I have at one time or another run the following:
FreeBSD
Mandrake
Red Hat 7
Debian Woody
Debian Sarge
Gentoo
My personal opinion:
Debian Woody is the absolute easiest to maintain server OS I've seen so
far. I mean, it's rock stable, not so much as a hiccup, and security
patches are absurdly simple. But that's not what you're looking for.
Debian Sarge, soon to be the stable release (it's testing now - don't let
this scare you; relative to other distros it's quite stable). I just
recently replaced Gentoo on my old Thinkpad with Sarge, and aside from
some annoying issues with wireless (which had nothing to do with wireless
it turned out - it had to do with PCI IRQ assignments - ugh!), this turned
out to be pretty fantastic. For one, the installer has drastically
improved. I didn't particularly think the old installer on Woody was
nearly as bad as people say, but the new one is faster and asks far less
questions. It autodetects a whole mess of things, and you wind up with a
kernel that works mainly with modules. Anyway you don't even need to know
that. Suffice to say, the new installed ought to make less experienced
users who were a bit frightened by the old one quite happy (I think). I
installed it with the 2.6 kernel on the laptop, and now I use that laptop
in my living room to play mp3s to my stereo, via wi-fi. It works great,
and installing Gnome and getting X working was a breeze.

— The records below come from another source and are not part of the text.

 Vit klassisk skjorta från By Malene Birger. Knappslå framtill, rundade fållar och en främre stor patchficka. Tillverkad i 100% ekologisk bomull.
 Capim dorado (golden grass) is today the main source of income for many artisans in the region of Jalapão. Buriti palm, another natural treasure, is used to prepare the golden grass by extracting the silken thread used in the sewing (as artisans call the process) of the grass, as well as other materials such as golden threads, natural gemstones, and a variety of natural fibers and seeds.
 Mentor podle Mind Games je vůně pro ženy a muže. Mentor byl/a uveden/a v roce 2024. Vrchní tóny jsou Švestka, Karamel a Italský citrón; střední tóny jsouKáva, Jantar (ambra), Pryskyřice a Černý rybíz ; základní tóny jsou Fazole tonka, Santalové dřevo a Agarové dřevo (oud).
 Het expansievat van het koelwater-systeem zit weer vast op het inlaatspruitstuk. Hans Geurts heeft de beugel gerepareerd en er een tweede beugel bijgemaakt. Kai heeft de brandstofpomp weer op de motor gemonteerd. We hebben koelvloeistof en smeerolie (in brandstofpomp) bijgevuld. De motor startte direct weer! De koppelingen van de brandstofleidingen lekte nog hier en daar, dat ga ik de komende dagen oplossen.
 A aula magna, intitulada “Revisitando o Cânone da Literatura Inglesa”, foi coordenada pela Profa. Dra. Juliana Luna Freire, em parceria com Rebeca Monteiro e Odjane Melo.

As for package management, I'm not sure why this was confusing although I
will say that I had a little trouble at first finding a comprehensive
beginner's guide that was useful (such guides exist but I wasn't crazy
about how they were written), so the advice I'd give to anyone installing
debian is:
apt-cache search keyword -- find the name of the package you want to
install. Try something like:
--> apt-cache search xftp
which is equivalent to:
--> emerge -s xftp
in Gentoo Linux, which I'll get to in a minute.

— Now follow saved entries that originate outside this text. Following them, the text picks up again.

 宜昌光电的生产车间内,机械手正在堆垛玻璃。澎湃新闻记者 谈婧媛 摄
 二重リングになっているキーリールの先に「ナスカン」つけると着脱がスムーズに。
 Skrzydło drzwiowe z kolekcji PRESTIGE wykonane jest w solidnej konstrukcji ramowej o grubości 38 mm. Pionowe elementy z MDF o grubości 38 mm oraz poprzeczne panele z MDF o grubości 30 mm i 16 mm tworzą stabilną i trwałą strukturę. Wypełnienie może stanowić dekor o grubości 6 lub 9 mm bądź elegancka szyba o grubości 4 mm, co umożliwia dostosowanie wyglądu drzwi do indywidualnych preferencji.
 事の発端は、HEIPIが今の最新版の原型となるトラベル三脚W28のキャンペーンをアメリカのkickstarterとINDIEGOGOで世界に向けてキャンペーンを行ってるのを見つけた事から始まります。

Once you find the name of the package, the easiest way to install it is:
apt-get install packagename
In this instance:
--> apt-get install xftp
Equivalent to:
--> emerge xftp
in Gentoo.
This will fetch the package, all the dependencies (libraries, etc.), and
set everything up in the right order. If you've got a good internet
connection, it will do all of this through the internet. If the package
requires setup, it will ask you basic questions to configure things (even
Gentoo doesn't really do this except in very rare instances - of course
doing so is not really part of the Gentoo philosophy, where the
expectation, the default behavior, is to edit config files). In this way
(I think) Debian is a little better for non-power users than Gentoo is,
though the criticisms of Gentoo being difficult, complicated, or full of
l33tists, are absurdly overstated.
I mean, really, that's it for package management. apt-get can add and
remove programs, and you can even do:
--> apt-get update
which is the equivalent in Gentoo of:
--> emerge sync
This fetches the latest list of packages and versions.
Then after this if you want to bring your whole system up to date to
install the latest packages you would just do:
--> apt-get upgrade
which is (quite roughly) like:
--> emerge --update world
There's a concise and easy-to-understand man page for apt-get. apt-get
also easily removes packages. And unlike Gentoo, there's no compiling
involved. If you happen to have a broadband net connection, nothing could
be easier or snappier.
Now Gentoo Linux. Gentoo Linux is the great transitional Linux bootcamp.
It won't make you some kind of sysadmin guru but the install will likely
bump you up to at least intermediate Linux user if you're a beginner now.
It's less that it teaches you how to tweak anything and more that
it exposes to you what *is* tweakable, configurable, and
customizable...("Oh, so that's where the time zone is set..")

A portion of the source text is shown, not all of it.